> Recorded information:
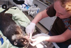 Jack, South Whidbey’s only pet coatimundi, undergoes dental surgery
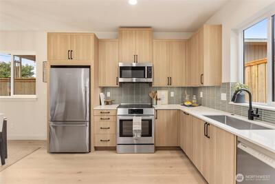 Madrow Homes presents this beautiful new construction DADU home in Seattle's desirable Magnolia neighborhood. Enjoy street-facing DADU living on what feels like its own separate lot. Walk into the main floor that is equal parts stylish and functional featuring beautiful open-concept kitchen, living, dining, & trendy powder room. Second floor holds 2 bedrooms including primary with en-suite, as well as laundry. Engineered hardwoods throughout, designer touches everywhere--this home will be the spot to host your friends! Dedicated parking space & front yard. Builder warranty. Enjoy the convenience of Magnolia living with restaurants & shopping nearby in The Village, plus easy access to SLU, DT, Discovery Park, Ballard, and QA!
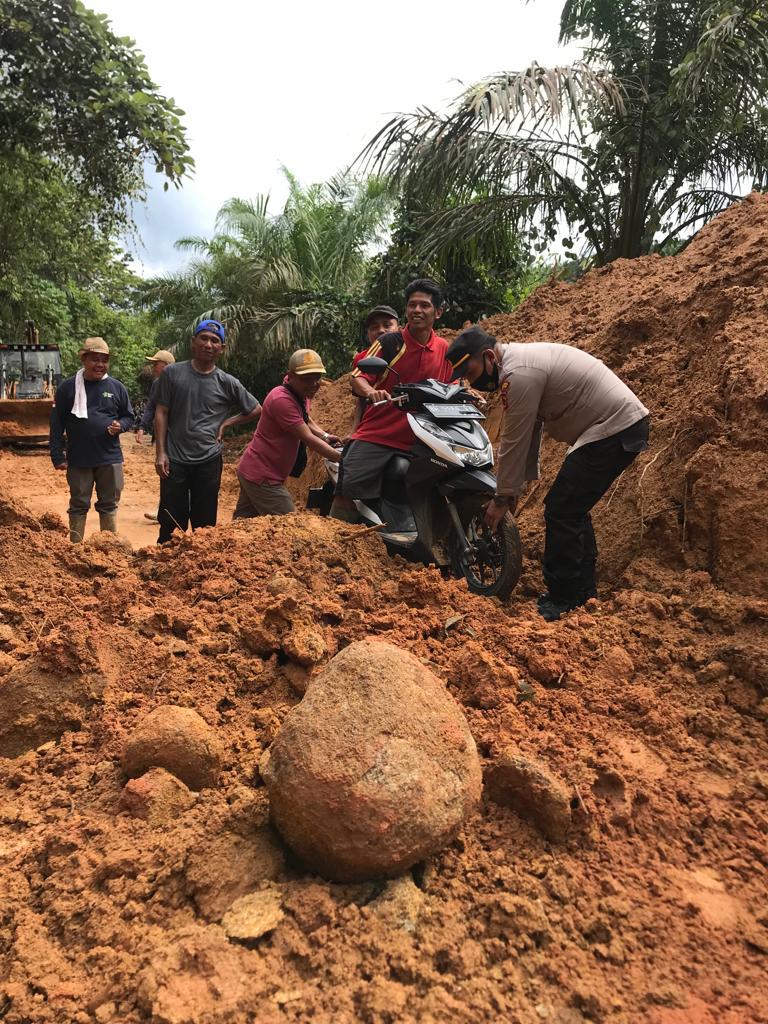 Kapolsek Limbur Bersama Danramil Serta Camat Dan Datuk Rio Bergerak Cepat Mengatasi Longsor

> Task to carry out:
Nothing but the lines from the one with "Madrow Homes presents" through the last line of the material above should appear in the answer, each copied exactly, with no pictures.

> Output below:
 Madrow Homes presents this beautiful new construction DADU home in Seattle's desirable Magnolia neighborhood. Enjoy street-facing DADU living on what feels like its own separate lot. Walk into the main floor that is equal parts stylish and functional featuring beautiful open-concept kitchen, living, dining, & trendy powder room. Second floor holds 2 bedrooms including primary with en-suite, as well as laundry. Engineered hardwoods throughout, designer touches everywhere--this home will be the spot to host your friends! Dedicated parking space & front yard. Builder warranty. Enjoy the convenience of Magnolia living with restaurants & shopping nearby in The Village, plus easy access to SLU, DT, Discovery Park, Ballard, and QA!
 Kapolsek Limbur Bersama Danramil Serta Camat Dan Datuk Rio Bergerak Cepat Mengatasi Longsor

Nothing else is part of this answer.